» Action item
Begin at the line containing "개인 신청은 진안군청" in the records below, end at the line containing "feferoni, masline, origano)", and retype each line in that span exactly. No other line and no image should appear.

[[ Available data, beginning ]]

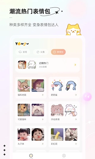 言橘平台提供头像、表情符号等多种资源,其中包含卡通、熊猫头等当下流行的主流类型,能让用户的社交分享更具趣味性。
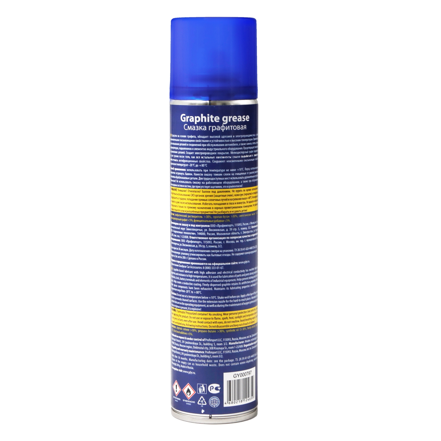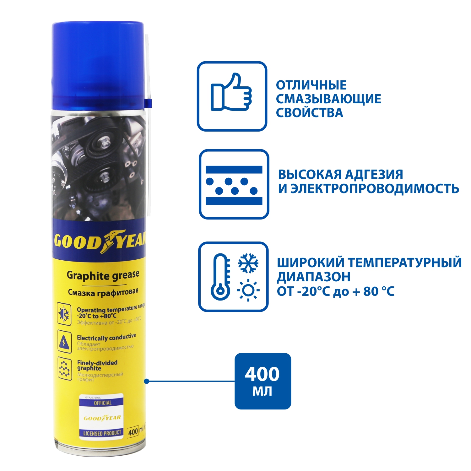 Графитовая смазка Goodyear применяется для смазывания деталей и соединений при обслуживании автомобиля, а также замков, петель, клемм аккумуляторов, подшипников и элементов индустриального оборудования.
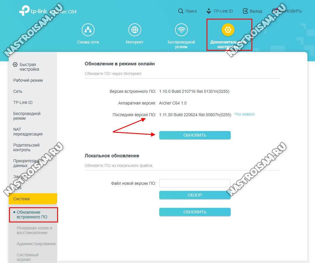 Чтобы перепрошить TP-Link Archer C64 на новую прошивку, надо открыть «Дополнительные настройки» → «Система» → «Обновление встроенного ПО».
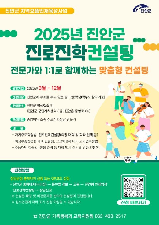 개인 신청은 진안군청 누리집(홈페이지)을 통해 가능하며 관내 주소를 둔 중·고등학생은 누구나 참여할 수 있다.
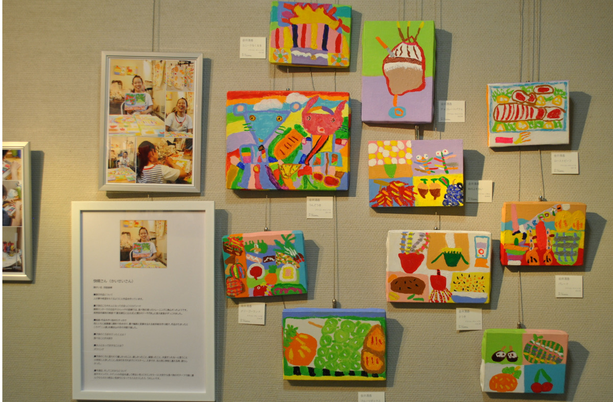 展示されているのは、大倉山駅近くにある福祉事業所アート・メープルかれんの利用者が作成した絵や刺繍50点以上。ママフォトグラファー後藤京子さんが撮影した作成風景等も並び、利用者の生き生きとした様子や日常を感じながら楽しめる。後藤京子さんは、障害のある子どもとその家族の「幸せの瞬間」を撮影するフォトグラファー。「メンバーの素敵な表情を引き出してくれた」とかれんスタッフは撮影を振り返る。
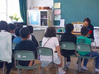 読み聞かせボランティア「まつぼっくり」の方が、読み聞かせをしてくださいました。水曜日は低学年、本日金曜日が高学年でした。4年生はグリム童話「まほうのくびかざり」の紙芝居を、5年生は「みんなとおなじくできないよ~障がいのあるおとうととボクのはなし~」、6年生は落語絵本「てんしき」を読んでいただきました。読み聞かせボランティアの方から、「静かに聞いてくれて、おもしろいところで笑ってくれるので嬉しいです。こちらも、子ども達からパワーがもらえます」と言っていただきました。
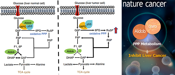 2020年7月6日,国际学术期刊 Nature Cancer 在线发表了中国科学院上海营养与健康研究所尹慧勇课题组题为“Aldolase B Suppresses Hepatocellular Carcinogenesis by Inhibiting G6PD and Pentose Phosphate Pathways”的最新研究成果,首次阐明了果糖-1,6-二磷酸(Fructose-1,6-bis-phosphate,FBP)醛缩酶B(Aldolase B, Aldob)在调控肝癌代谢重编程(Metabolic reprogramming)中的作用、机理及临床意义。
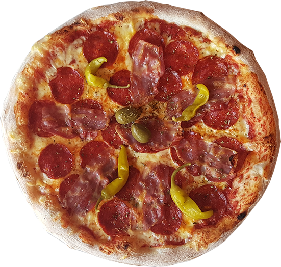 (rajčica, sir, kulen, panceta, gljive, feferoni, masline, origano)
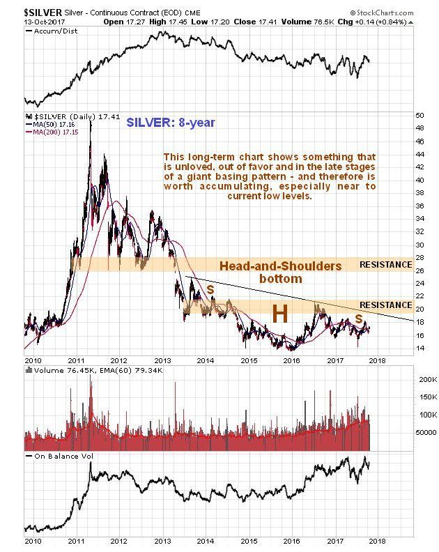 Like gold, silver is marking out a giant Head-and-Shoulders bottom pattern, but in silver’s case it is downsloping as we can see on its 8-year chart below, which reflects the fact that silver tends to underperform gold at the end of sector bearmarkets and during the early stages of sector bullmarkets. Prolonged underperformance by silver is therefore a sign of a bottom. This chart really does show how unloved silver is right now, but although the price has drifted slightly lower over the past several years, volume indicators have improved, especially this year, a positive sign. A break above the neckline of the pattern, the black line, will be a positive development, and more so a break above the band of resistance approaching the 2016 highs. Once it gets above this it will have to contend with a quite strong zone of resistance roughly between $26 and $28. Silver is amongst the most unloved of all metals, a situation that is not expected to continue, partly because silverbugs are manic-depressive and they have been depressive for a long time, meaning that it surely won’t be all that long until they are on the rooftops singing Happy Days are Here Again, although it now looks like they will have to put up with another retreat by silver first as the dollar stages a relief rally.
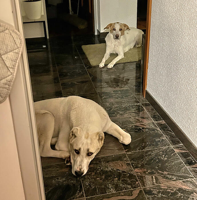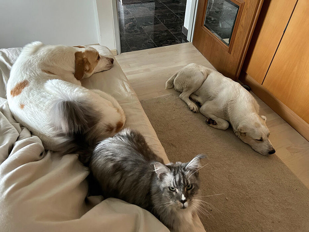Jetzt verstehen die 2 sich schon so gut! Liegen nebeneinander. Beim Füttern auch kein Neid mehr.
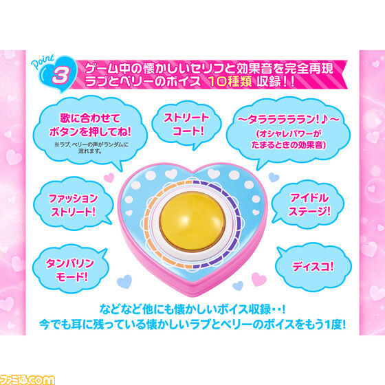 ハート型のボタン本体は、当時の筐体のボタン部を再現、ボタン周りも当時のデザインをベースにアレンジしたものとなっている。収録されている音声は、楽曲6曲やラブとベリーのボイス、当時の筐体ゲーム内で流れた効果音など。
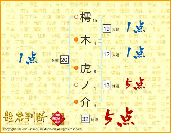 樗木虎ノ介さんの総運は32画の5点!
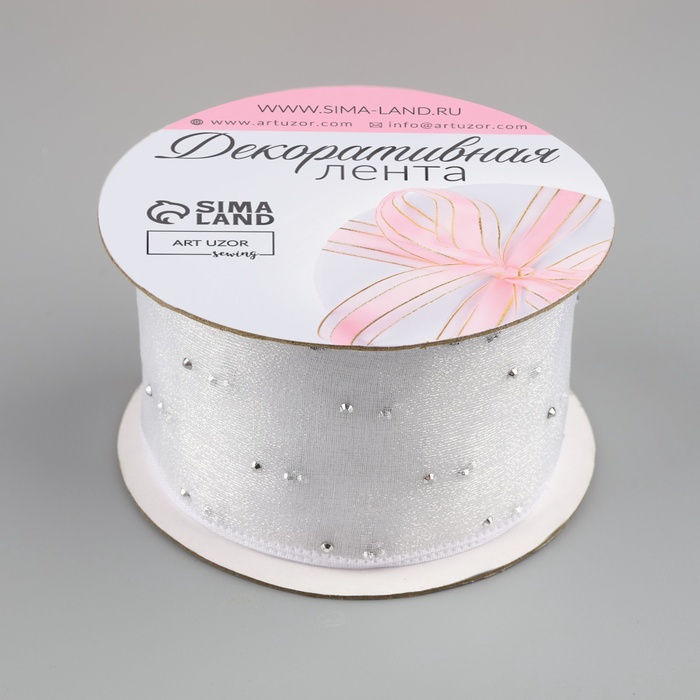 Лента капроновая, со стразами, 38 мм × 9,1 ± 0,5 м, цвет белый
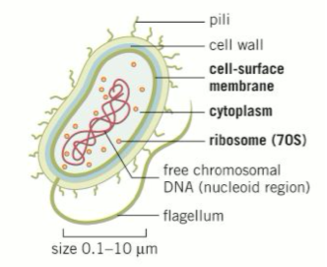 Their DNA is not contained within a nucleus, they have few organelles and the organelles they do have are not membrane-bound.
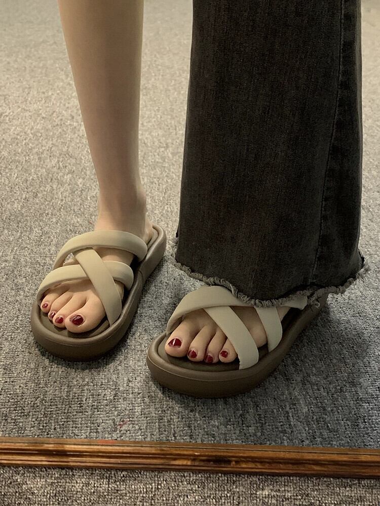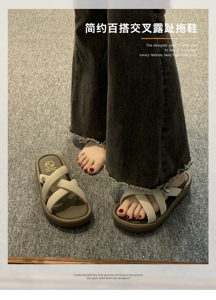 Jiabu 偽スリッパ女性のアウターウェア 2023 夏の新ファッションオールマッチ eign スタイル織り厚底 comtable ビーチサンダル ミュール 靴 シューズ サマー 夏物 jxjxf49999444429
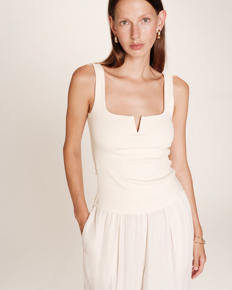 Confectionné dans une matière douce et stretch, il se porte facilement sous une veste chic ou associé à un jean taille haute pour une allure casual soignée. L’encolure carrée, agrémentée d’une fente subtile à l’avant, apporte une touche moderne et féminine à ce débardeur minimaliste.
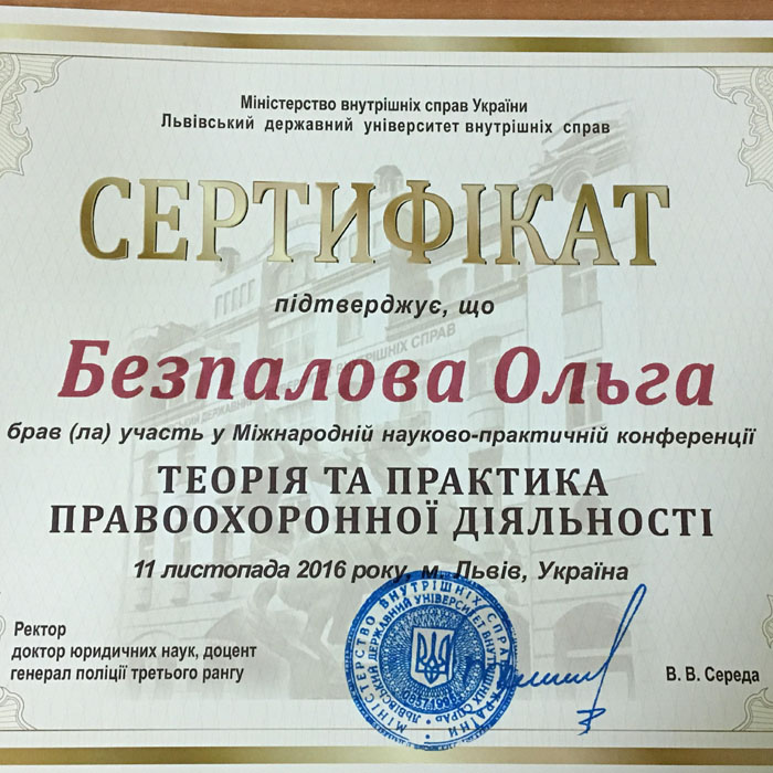 У Львові відбулася Міжнародна науково-практична конференція «Теорія і практика правоохоронної діяльності». До участі у конференції були запрошені фахівці вищих навчальних закладів Угорщини (Національного університету державної служби), Республіки Польща (Вищої школи безпеки та Вищої школи поліції), представники Консультативної Місії Європейського Союзу в Україні, представники Національного антикорупційного бюро України, Головного управління Національної поліції у Львівській області, прокуратури, апеляційних адміністративних, районних судів. Тези своїх доповідей надали понад 150 науковців вищих навчальних закладів України. Харківський національний університет внутрішніх справ на конференції представила завідувач кафедри адміністративної діяльності поліції, доктор юридичних наук, професор, підполковник поліції Ольга Безпалова.
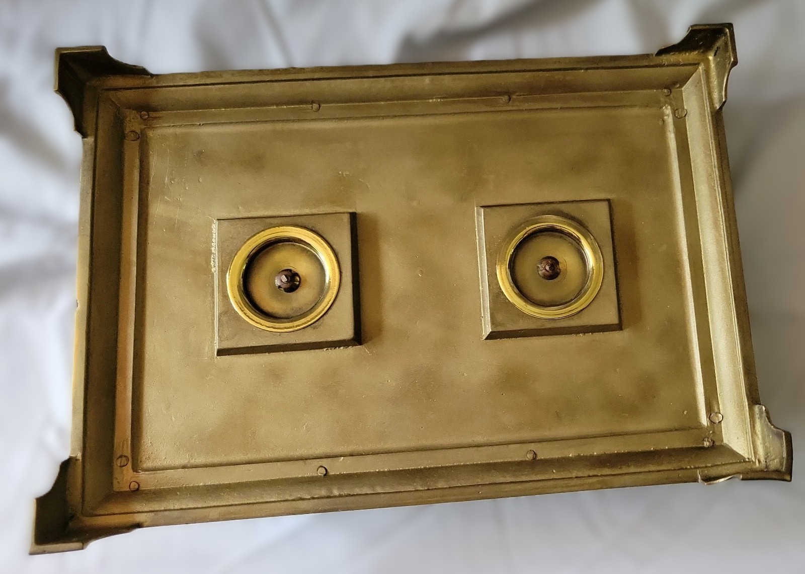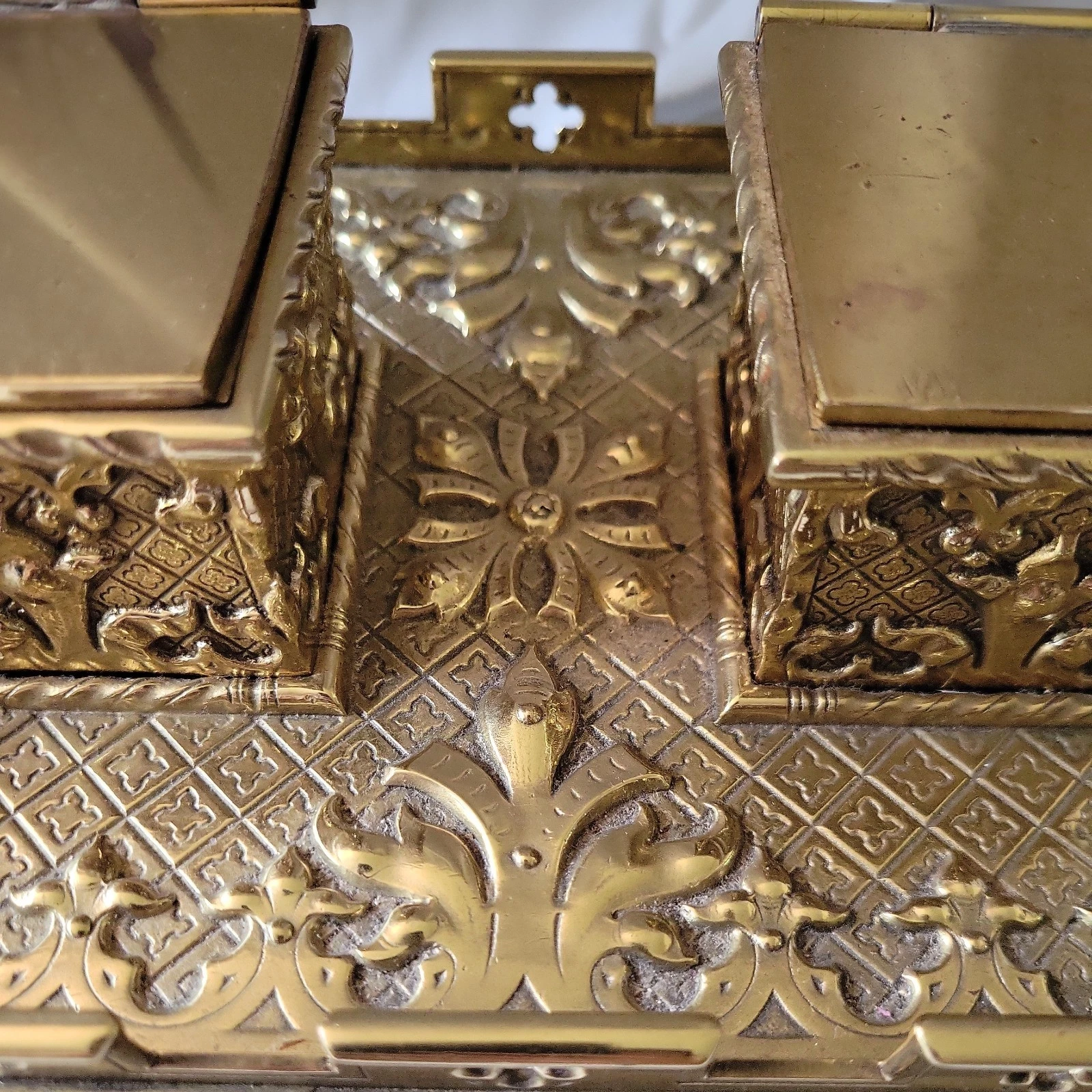 • The Structure: This is a heavy, rectangular brass stand with a double-well design. It features two square, hinged inkwell housings flanking a central space.
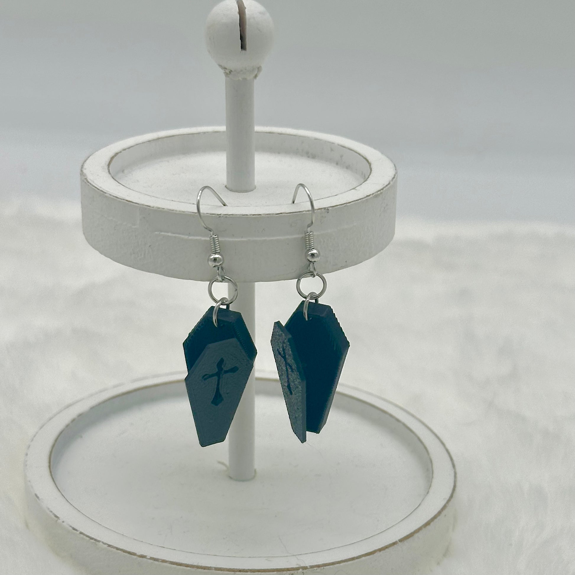 These Coffin Earrings combine festive Halloween charm with expert craftsmanship. 3D printed for precise detail and durability, they feature an adorable ghost-shaped cat design that’s both cute and unique. Lightweight and comfortable, they add a subtle seasonal touch to your look without compromising style or quality. Perfect for those seeking a tasteful yet playful accessory this Halloween season.

[[ Available data, end ]]

» Finished task
 개인 신청은 진안군청 누리집(홈페이지)을 통해 가능하며 관내 주소를 둔 중·고등학생은 누구나 참여할 수 있다.
 展示されているのは、大倉山駅近くにある福祉事業所アート・メープルかれんの利用者が作成した絵や刺繍50点以上。ママフォトグラファー後藤京子さんが撮影した作成風景等も並び、利用者の生き生きとした様子や日常を感じながら楽しめる。後藤京子さんは、障害のある子どもとその家族の「幸せの瞬間」を撮影するフォトグラファー。「メンバーの素敵な表情を引き出してくれた」とかれんスタッフは撮影を振り返る。
 読み聞かせボランティア「まつぼっくり」の方が、読み聞かせをしてくださいました。水曜日は低学年、本日金曜日が高学年でした。4年生はグリム童話「まほうのくびかざり」の紙芝居を、5年生は「みんなとおなじくできないよ~障がいのあるおとうととボクのはなし~」、6年生は落語絵本「てんしき」を読んでいただきました。読み聞かせボランティアの方から、「静かに聞いてくれて、おもしろいところで笑ってくれるので嬉しいです。こちらも、子ども達からパワーがもらえます」と言っていただきました。
 2020年7月6日,国际学术期刊 Nature Cancer 在线发表了中国科学院上海营养与健康研究所尹慧勇课题组题为“Aldolase B Suppresses Hepatocellular Carcinogenesis by Inhibiting G6PD and Pentose Phosphate Pathways”的最新研究成果,首次阐明了果糖-1,6-二磷酸(Fructose-1,6-bis-phosphate,FBP)醛缩酶B(Aldolase B, Aldob)在调控肝癌代谢重编程(Metabolic reprogramming)中的作用、机理及临床意义。
 (rajčica, sir, kulen, panceta, gljive, feferoni, masline, origano)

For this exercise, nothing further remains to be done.